(Source data)
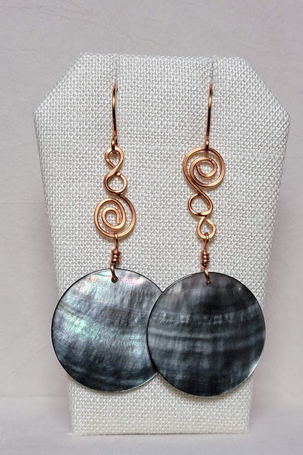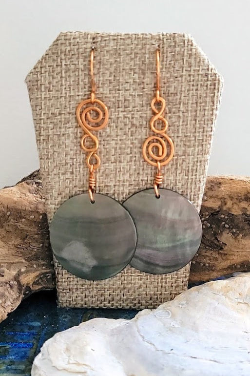 Shimmering like a hidden moon behind a veil of sea mist, Eclipsed Tides brings together swirling copper energy and the dark elegance of natural shell. Each disc catches light with an iridescent gleam—like tides pulled under eclipse—while hand-forged copper spirals echo the mystic motion of the ocean’s pull.
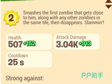窝瓜具体的属性也是很不错的,如果是三级稀有品质,那生命就达到了507点,并且额外还会有152点。虽然说通常生命值并不是很高,但这一点血量就可以有效抵抗僵尸的轻攻击。攻击的伤害还是比较夸张的,基础就可以达到3.04k额外还可以增加913点,这伤害在面对普通的僵尸时也是没有任何压力的。就算是一些比较皮实的精英僵尸,照样也可以直接砸掉大半管血,只是冷却的时间要25秒,所以一定要注意,不要等到冷却时僵尸冲了过来。
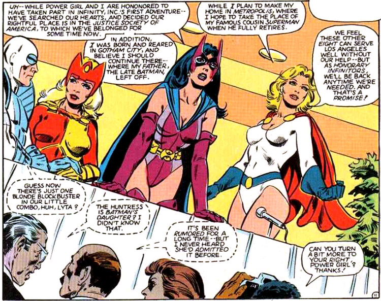 The Star-Spangled Kid quit the Justice Society to lead Infinity, Inc. At their official press conference in Los Angeles, Power Girl and the Huntress voiced their support for the new group but rejoined the JSA. (Infinity, Inc. #12) NOTE: Infinity, Inc. #8 (Oct. 1984) includes a "personnel file" on Power Girl.
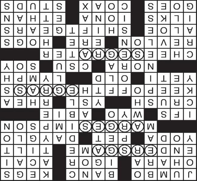Page 14, The Howell Times, April 1, 2023 jerseyshoreonline.com Across 1 King-sized 6 Seat in un parc 10 Beer party staples 14 Scarlett of Tara 15 “Young Frankenstein” aide 16 Dark purple berry 17 Orson Scott Card sci-fi novel 19 Pinball no-no 20 “Anger, fear, aggression: the dark side of the Force are they” speaker 21 Adopted cat, say 22 Radiant pigment 24 Toon spouse with a blue beehive 27 Hypotheticals 30 Old Faithful’s st. 31 “__ Baby”: “Hair” song 32 Beat by a mile 34 Couture initials 35 Ostrich cousin 39 Park warning sign 43 Hairy Himalayan 44 Like King Cole 45 Kind of node 46 Filmmaker Ephron 48 Sch. north of Denver 50 Bean used in nondairy milk 51 Cheddar shredder 56 Elizabeth Arden parent company 57 Coleridge’s “before” 58 Harleys, familiarly 62 Burn balm 63 Go from neutral to singer 11
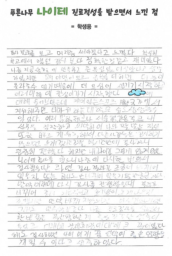 그래도 만족할 것 같다. 나름 진로검사를 살면서
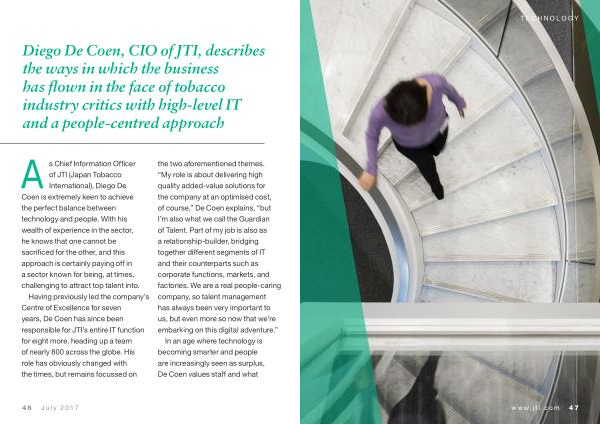 As Chief Information Officer of JTI ( Japan Tobacco International ), Diego De Coen is extremely keen to achieve the perfect balance between technology and people . With his wealth of experience in the sector , he knows that one cannot be sacrificed for the other , and this approach is certainly paying off in a sector known for being , at times , challenging to attract top talent into .

#### [WORK REQUEST]
With pictures left out, transcribe each line from the one containing "그래도 만족할 것 같다. 나름 진로검사를 살면서" through the end of the data, both ends included.

#### [RESULT]
 그래도 만족할 것 같다. 나름 진로검사를 살면서
 As Chief Information Officer of JTI ( Japan Tobacco International ), Diego De Coen is extremely keen to achieve the perfect balance between technology and people . With his wealth of experience in the sector , he knows that one cannot be sacrificed for the other , and this approach is certainly paying off in a sector known for being , at times , challenging to attract top talent into .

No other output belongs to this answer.